Both Mill’s and Bentham’s conceptions agree on the fact that a thing becomes good when it is favorable to people. Judging by the concept of plurality benefit, cloning becomes an apparent positive occurrence, with the few making life better for the majority (Campbell, 2017). Diverging into the differences between the two types of utilitarianism permits noting the minor differences in what benefit is and how it may be achieved.
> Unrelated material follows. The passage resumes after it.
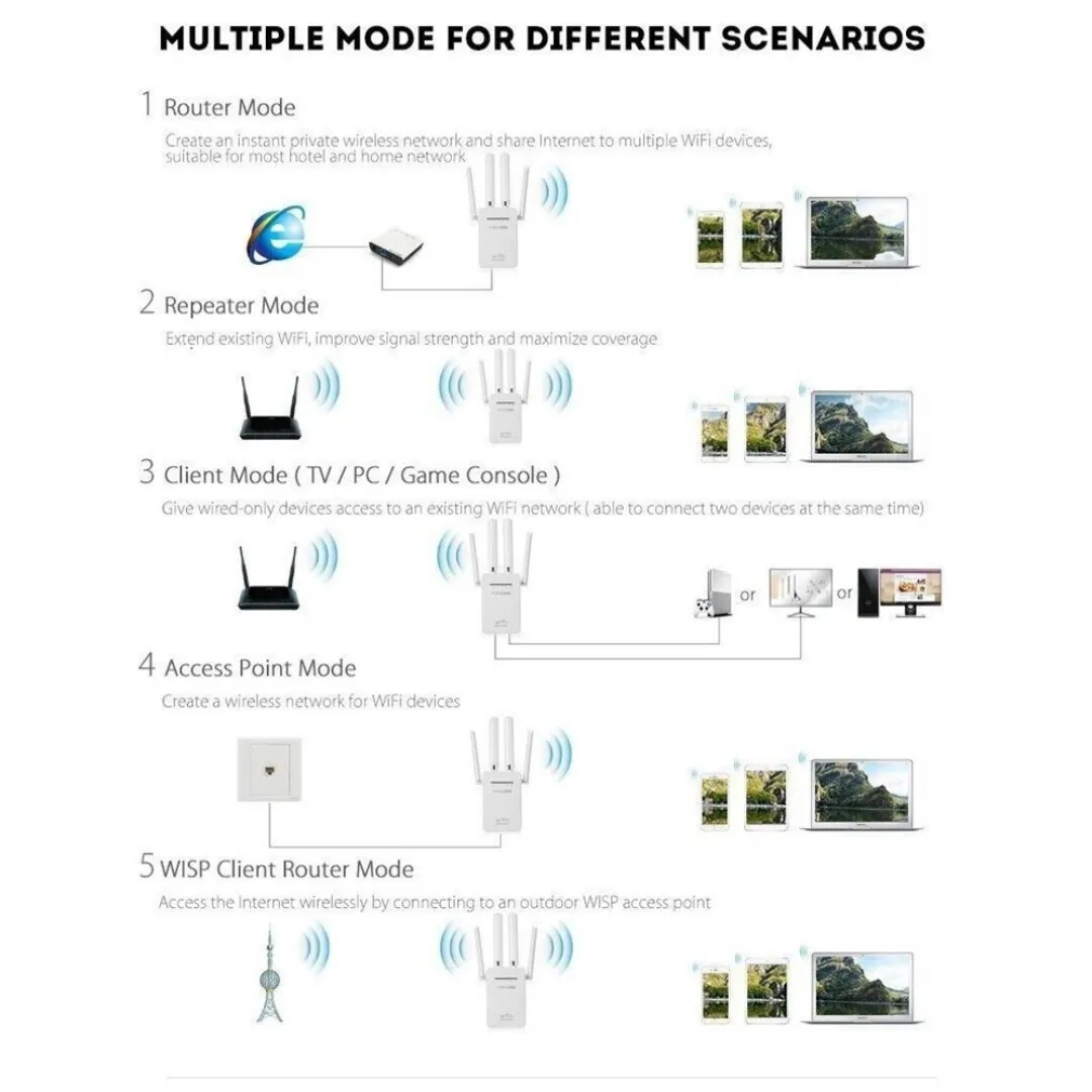- Il ripetitore è compatibile con dispositivi che supportano gli standard wireless IEEE 802.11 b/g/n, coprendo la maggior parte degli smartphone, tablet e computer moderni.

Philosophy of human rights, on the other hand, argues in favor of the privileges of the individual. Within it, cloning becomes an encroachment on individuality and free choice, intrusions on which Tooley (2016) attempts to dispel. Thus, considering the effect of genetics on destiny permits bringing the cloning debate to an entirely new level of philosophical discussion, even if from an undermining point of view.
Evaluating the issue of cloning from an individual and societal point of view opens it up from different perspectives. Effectively, as an ethical conception, at the current level of technological advancement, it may never be absolved or condemned. Therefore, just as the issue of human experimentation remains equally questionable from the perspective of ethics, so does the evaluation of cloning remain the domain of sci-fi authors primarily.
Campbell, A. V. (2017). Bioethics: The basics. (2nd ed.).New York, NY: Routledge.
Tooley, M. (2016). The moral status of the cloning of humans. In H. Kuhse, U. Schüklenk, & P. Singer (Eds.), Bioethics: An anthology. (3rd ed.) (pp. 156-172). Malden, MA: John Wiley and Sons Inc.